● **TASK BRIEF**
Please reproduce the lines of the records below from the one holding "开《共产党宣言》译介先河者,当属《万国公" through the one holding "At press time, Bitcoin", inclusive, skipping all pictures.

● **EXERCISE DATA**
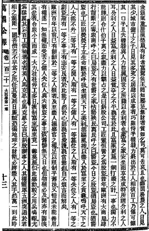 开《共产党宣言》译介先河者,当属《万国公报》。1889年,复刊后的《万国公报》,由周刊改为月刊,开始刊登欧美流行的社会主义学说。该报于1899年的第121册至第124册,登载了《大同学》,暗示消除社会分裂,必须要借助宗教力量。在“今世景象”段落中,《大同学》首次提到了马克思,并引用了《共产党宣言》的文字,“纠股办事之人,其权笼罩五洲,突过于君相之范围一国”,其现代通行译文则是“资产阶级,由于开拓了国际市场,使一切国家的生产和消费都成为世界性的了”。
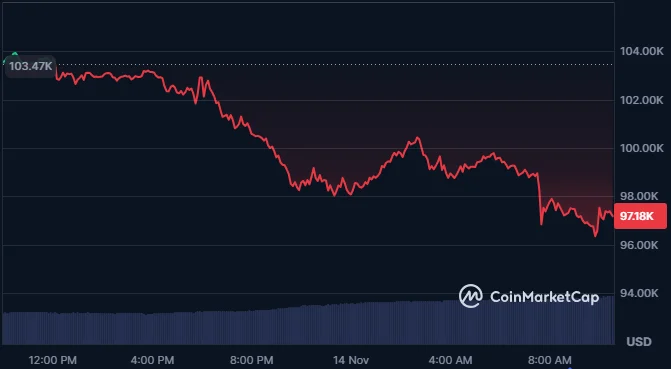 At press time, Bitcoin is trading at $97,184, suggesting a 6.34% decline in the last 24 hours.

--

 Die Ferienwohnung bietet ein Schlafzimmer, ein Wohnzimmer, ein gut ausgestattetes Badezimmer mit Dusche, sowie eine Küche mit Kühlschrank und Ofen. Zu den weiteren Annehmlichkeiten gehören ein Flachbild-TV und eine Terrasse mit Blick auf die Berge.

● **WRITTEN ANSWER**
 开《共产党宣言》译介先河者,当属《万国公报》。1889年,复刊后的《万国公报》,由周刊改为月刊,开始刊登欧美流行的社会主义学说。该报于1899年的第121册至第124册,登载了《大同学》,暗示消除社会分裂,必须要借助宗教力量。在“今世景象”段落中,《大同学》首次提到了马克思,并引用了《共产党宣言》的文字,“纠股办事之人,其权笼罩五洲,突过于君相之范围一国”,其现代通行译文则是“资产阶级,由于开拓了国际市场,使一切国家的生产和消费都成为世界性的了”。
 At press time, Bitcoin is trading at $97,184, suggesting a 6.34% decline in the last 24 hours.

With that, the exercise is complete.